##### Records supplied #####

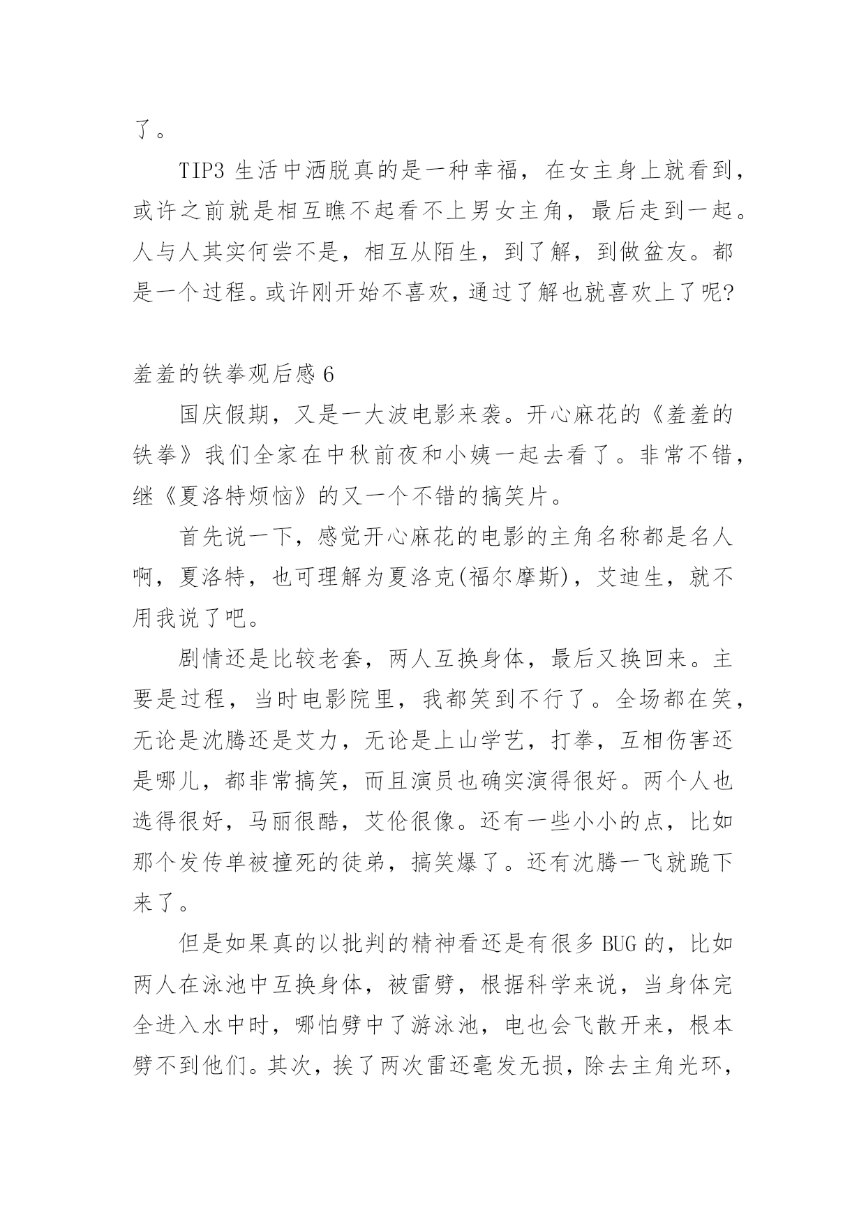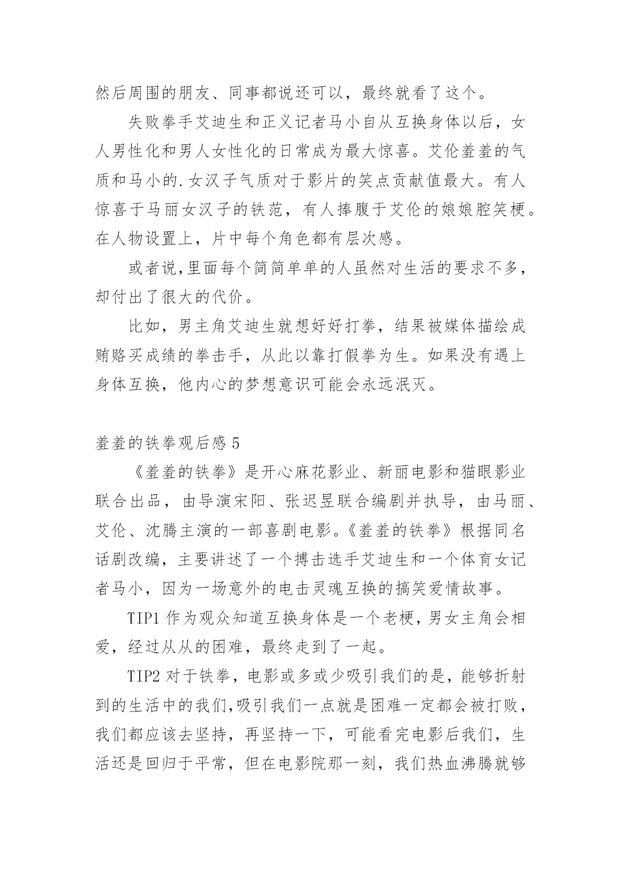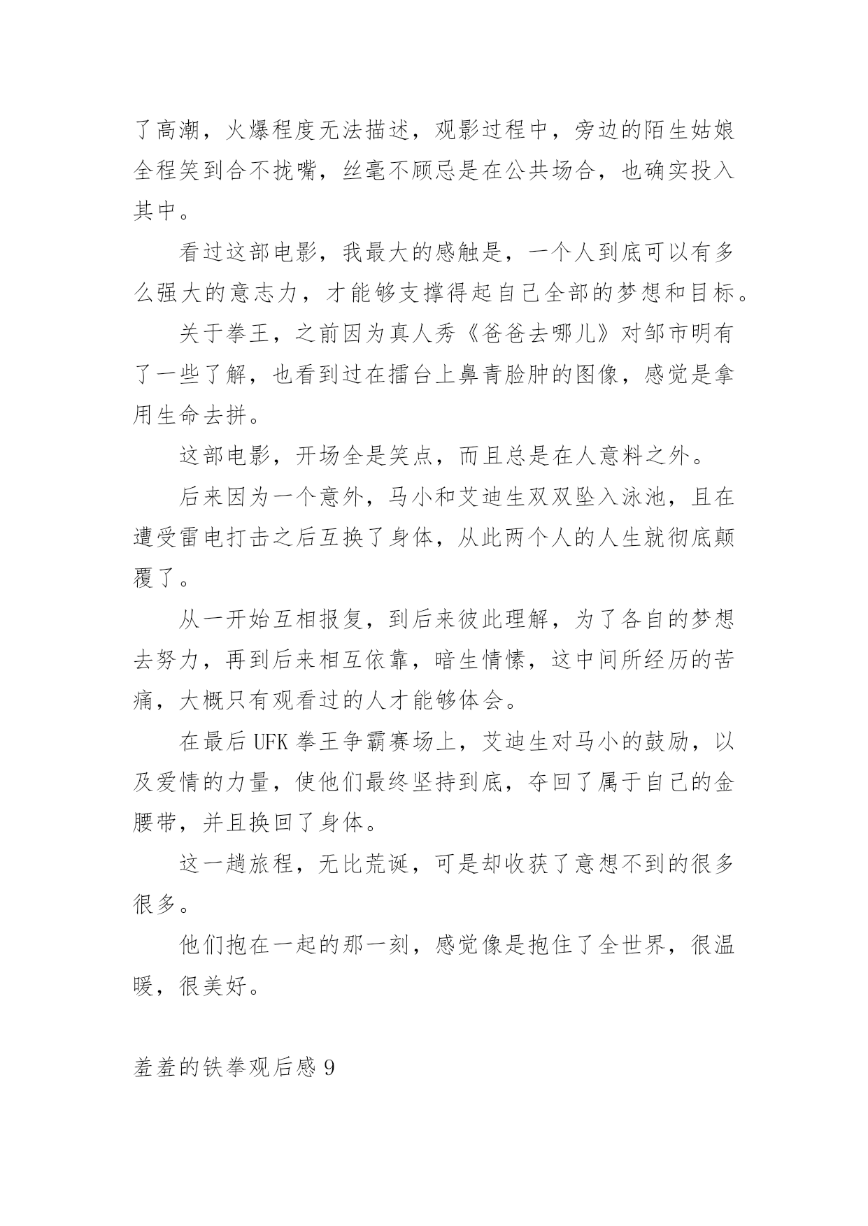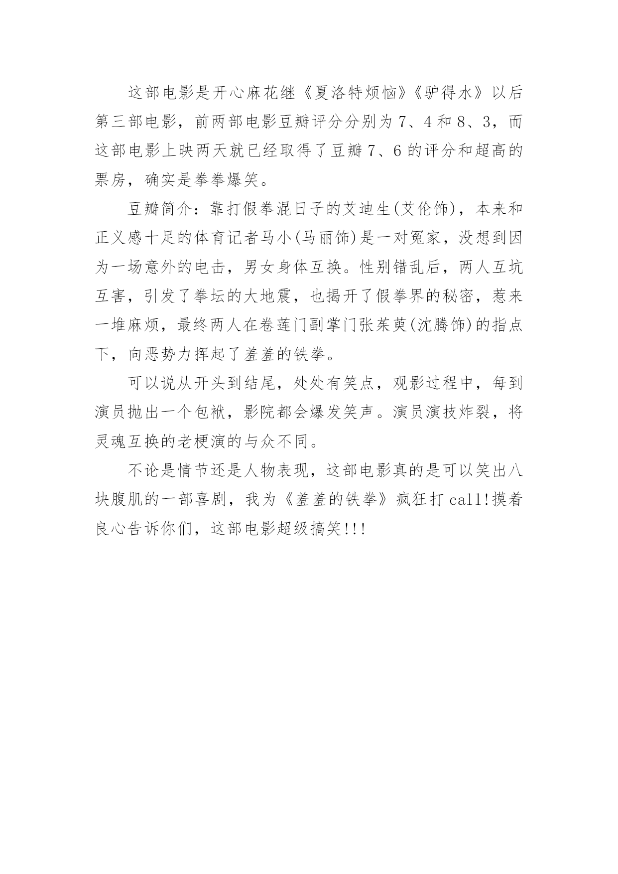 羞羞的铁拳观后感看完一部影视作品以后,从中我们可以吸收新的思想,是时候抽出时间写写观后感了。那么观后感到底应该怎么写呢?以下是小编整理的羞羞的铁拳观后感,欢迎大家分享。羞羞的铁拳观后感1今天上午,爸爸妈妈突然说,要带我去看电影,我真是开心极了!我们看的电影是《羞羞的铁拳》,是一部非常搞笑的电影。爱打假拳的拳手爱迪生和一名叫马小的女记者在遭遇了一场雷霹之后,两个人交换了身体。刚开始的时候,他们两个互相坑害,但是在经历了许多事情以后,两个人同心协力,战胜了恶势力。拳王吴良在逼迫他们做假拳的时候,他们不妥协,用了短短三个月的时间,上山寻找师傅练习功夫,他们在高速公路上练习发传单,在河里练习捕鱼,和老猫头鹰比赛熬夜。这些看似和打拳没有什么关系,但其实都是获胜的法宝。尤其是师傅最后的的一句“你过来呀!”是让自己变得自信。在爱迪生胳膊被吴良打断,快要站不起来的时候,爱迪生在最后时刻,用上了师傅教他的几招,打败了吴良,成为了拳王。这部影片不只是搞笑,也告诉了我们在遇到困难的时候要坚持,不要放弃,努力拼搏,最终一定会取得成功!羞羞的铁拳观后感2《羞羞的铁拳》是开心麻花影业、新丽电影和猫眼影业联合出品,由导演宋阳、张迟昱联合编剧并执导,由马丽、艾伦、沈腾主演的一部喜剧电影。《羞羞的铁拳》根据同名话剧改编,主要讲述了一个搏击选手艾迪生和一个体育女记者马小,因为一场意外的电击灵魂互换的搞笑爱情故事。TIP1作为观众知道互换身体是一个老梗,男女主角会相爱,经过从从的困难,最终走到了一起。TIP2对于铁拳,电影或多或少吸引我们的是,能够折射到的生活中的我们,吸引我们一点就是困难一定都会被打败,我们都应该去坚持,再坚持一下,可能看完电影后我们,生活还是回归于平常,但在电影院那一刻,我们热血沸腾就够了。TIP3生活中洒脱真的是一种幸福,在女主身上就看到,或许之前就是相互瞧不起看不上男女主角,最后走到一起。人与人其实何尝不是,相互从陌生,到了解,到做盆友。都是一个过程。或许刚开始不喜欢,通过了解也就喜欢上了呢?羞羞的铁拳观后感3《羞羞的铁拳》是讲马小和艾迪生交换灵魂的搞笑故事。主角马小是名记者,艾迪生是个拳手。一开始他们的相处并不愉快,在一次意外中他们的灵魂互换了。在他们交换身体的时候,他们都开始了解对方。马小用艾迪生的身体帮他夺回本就属于他的金腰带。在这期间,马小的爸爸带他们来到了卷莲门。在这里他们把熬鹰都给熬死了,但这也证明了他们很有耐力。在生活中很多人因为困难就放弃,一点耐力都没有。除了熬鹰以外,还有一件是在马路上车群中发传单。从一开始一张都发不出去,到后来在高速的车群中每一张都精准地发了出去。这一点少不了他们的努力与决心。有多少人能很努力地做一件事,就算能,也很少再遇到困难后,继续坚持下去。在艾迪生得一个挑战拳王的机会时,吴良抓住了马小的父亲,并威胁艾迪生打假拳。生活中有些人就是这样,为了达到目的,什么事情都会去干,到了出事,才后悔。不过结局中,艾迪生身体中的马小并没有打假拳,而是拼尽全力打。在一回合结束后,马小和艾迪生又换回来了,虽然在第二回合中被吴良打断了左臂,但艾迪生还是赢了。这个电影告诉我们:只要坚持不懈,不管遇到了多大的困难,也能成功的。羞羞的铁拳观后感4抱着5分的期望去的,给了8分的惊喜,说实在的,本身对电影不是很感兴趣,但是因为朋友念叨了很久想看这个,然后周围的朋友、同事都说还可以,最终就看了这个。失败拳手艾迪生和正义记者马小自从互换身体以后,女人男性化和男人女性化的日常成为最大惊喜。艾伦羞羞的气质和马小的.女汉子气质对于影片的笑点贡献值最大。有人惊喜于马丽女汉子的铁范,有人捧腹于艾伦的娘娘腔笑梗。在人物设置上,片中每个角色都有层次感。或者说,里面每个简简单单的人虽然对生活的要求不多,却付出了很大的代价。比如,男主角艾迪生就想好好打拳,结果被媒体描绘成贿赂买成绩的拳击手,从此以靠打假拳为生。如果没有遇上身体互换,他内心的梦想意识可能会永远泯灭。羞羞的铁拳观后感5《羞羞的铁拳》是开心麻花影业、新丽电影和猫眼影业联合出品,由导演宋阳、张迟昱联合编剧并执导,由马丽、艾伦、沈腾主演的一部喜剧电影。《羞羞的铁拳》根据同名话剧改编,主要讲述了一个搏击选手艾迪生和一个体育女记者马小,因为一场意外的电击灵魂互换的搞笑爱情故事。TIP1作为观众知道互换身体是一个老梗,男女主角会相爱,经过从从的困难,最终走到了一起。TIP2对于铁拳,电影或多或少吸引我们的是,能够折射到的生活中的我们,吸引我们一点就是困难一定都会被打败,我们都应该去坚持,再坚持一下,可能看完电影后我们,生活还是回归于平常,但在电影院那一刻,我们热血沸腾就够了。TIP3生活中洒脱真的是一种幸福,在女主身上就看到,或许之前就是相互瞧不起看不上男女主角,最后走到一起。人与人其实何尝不是,相互
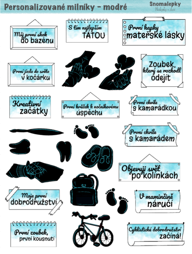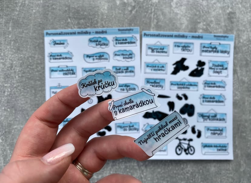 Milníkové samolepky pro miminko - se jménem, protože Vaše dítě není "nějaké miminko". První úsměv, první zoubek, první Vánoce,... A protože každé miminko je originál, doplním i jméno - ať se ví, kdo tady dělá ty první krůčky ke slávě.
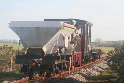 6. The works train was carefully formed up with the ballast hopper positioned ready to receive the surplus ballast dug out. The Brake Van provided transport for the volunteers and dogs with the hand tools carried on the bogie flat wagon.
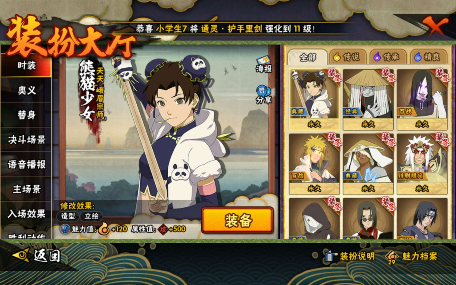 【S级忍者】宇智波带土「忍界大战」(3星),宇智波斑「秽土转生·解」(3星),宇智波斑「秽土转生」(3星),自来也「舞之豪杰」(3星),宇智波鼬「须佐能乎」(3星),波风水门(3星),大蛇丸(3星),
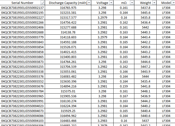 Factory test report for each cell available, typical cell capacity is 315Ah.
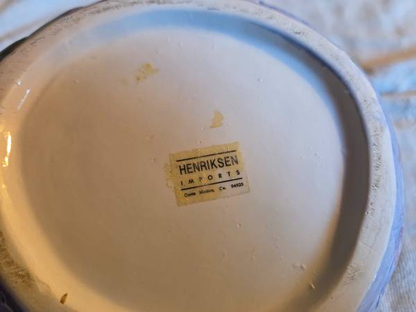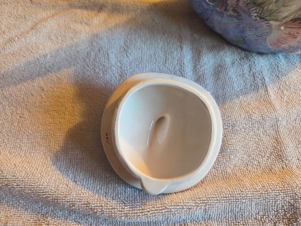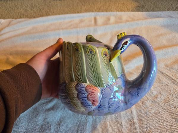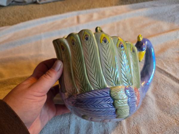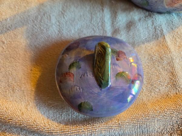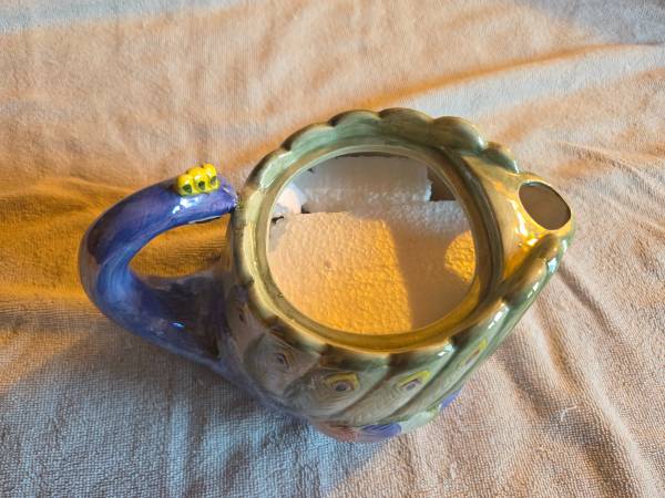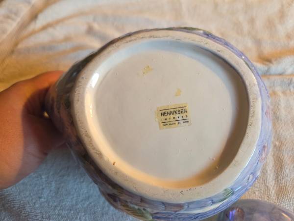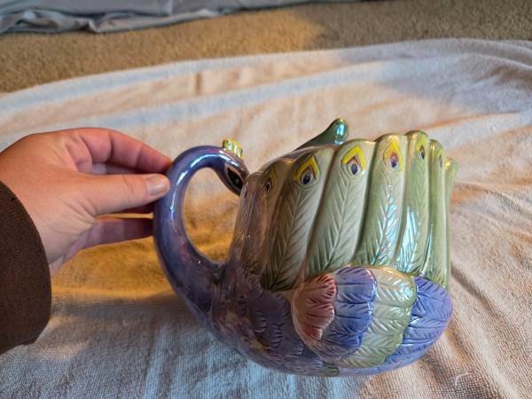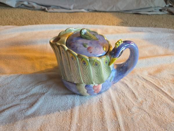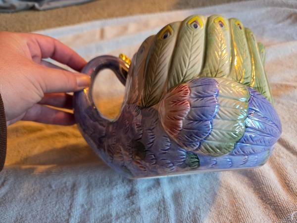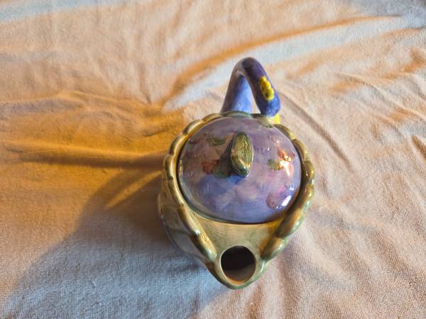 Very gently used, displayed only, in excellent condition. Like new. There are no chips, cracks or breaks. This is vintage 1980's. It's a ceramic teapot and it's very shiny and iridescent. Its mostly purple/blue and a lighter green. This is a Hendricksen Import. It's about 7.5" (L) x 5.5" (W) x 6" (H).
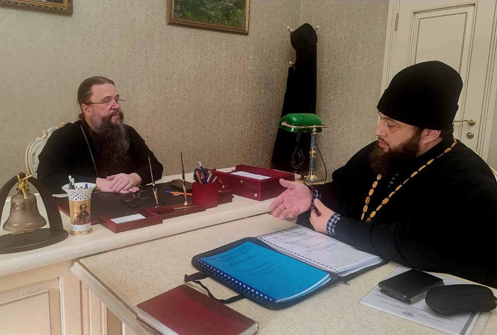 23 марта в Махачкалинском епархиальном управлении архиепископ Варлаам встретился с благочинным Тарумовского церковного округа, настоятелем храма апостола Андрея Первозванного с. Тарумовка иереем Дионисием Степанищевым.
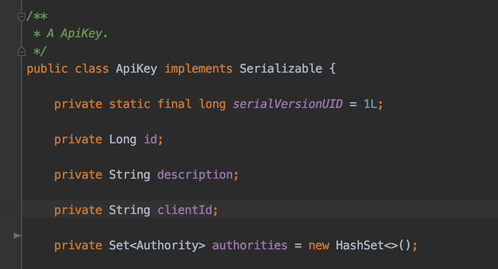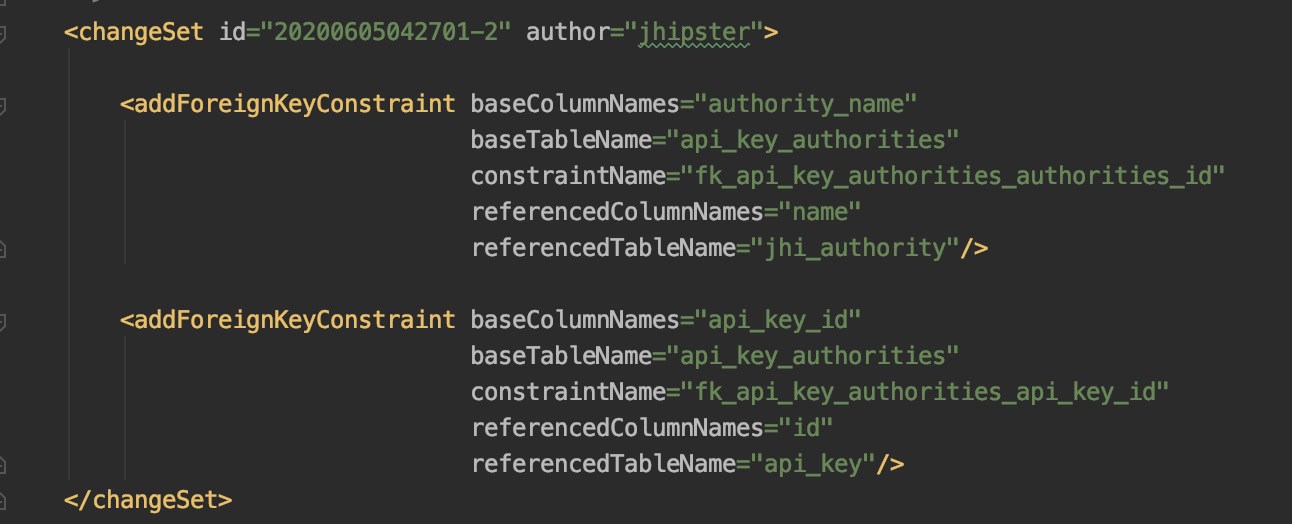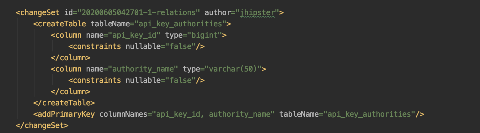In our JDL you may have noticed the entity ApiKey, this was generated with this solution in mind. However since Authorities are already setup for Users, we'll just hook in the relationship in ApiKey. First lets add a new table:
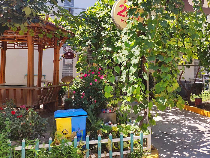 此次获评“美丽庭院”创意大赛二等奖的郭阿奇家的庭院布局规整、设施齐备,花草绿植搭配颇具巧思,三季有花、四季常绿,一片生机盎然的景象。热爱剪纸的他还将多幅剪纸作品布置在庭院的大小角落,让绿意盎然的庭院和古朴的文化气息相得益彰。庭院中的显眼位置还放置了四个分类垃圾桶,干净又卫生。
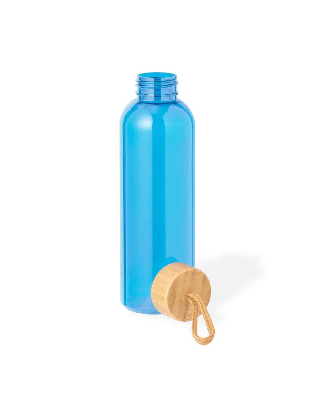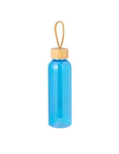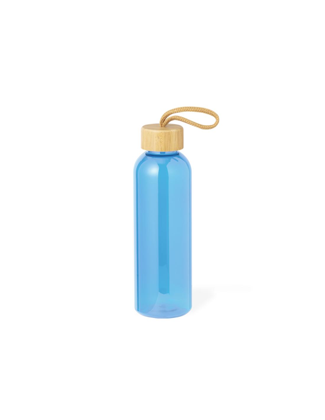 Bidón fabricado en RPET de 650 ml de capacidad, libre de BPA. Tapón a rosca en bambú, con cordón de transporte trenzado. Disponible en variada gama de colores. Presentado individualmente en bolsa de papel.
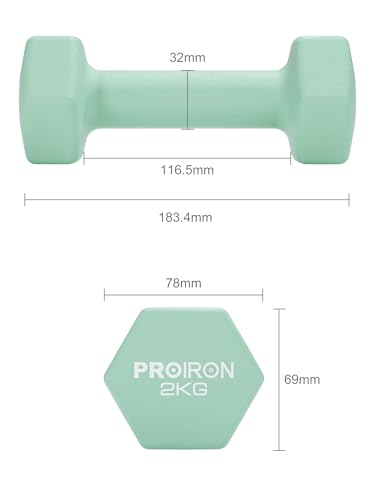 PROIRON - مجموعة دمبل حديد قطعتين، 1.5 كجم، 1.5 كجم، (1 كجم)، (1 كجم)، (4 كجم)، (6 كجم)، 8 كجم، 10 كجم، مجموعة دمبل بطلاء ناعم، لتدريب القوة من برو ايرون

#####

Your reply should consist solely of the lines above from the line containing "Milníkové samolepky pro" up to and including the line containing "6. The works", reproduced exactly, minus the pictures.

> _Finished exercise_:
 Milníkové samolepky pro miminko - se jménem, protože Vaše dítě není "nějaké miminko". První úsměv, první zoubek, první Vánoce,... A protože každé miminko je originál, doplním i jméno - ať se ví, kdo tady dělá ty první krůčky ke slávě.
 6. The works train was carefully formed up with the ballast hopper positioned ready to receive the surplus ballast dug out. The Brake Van provided transport for the volunteers and dogs with the hand tools carried on the bogie flat wagon.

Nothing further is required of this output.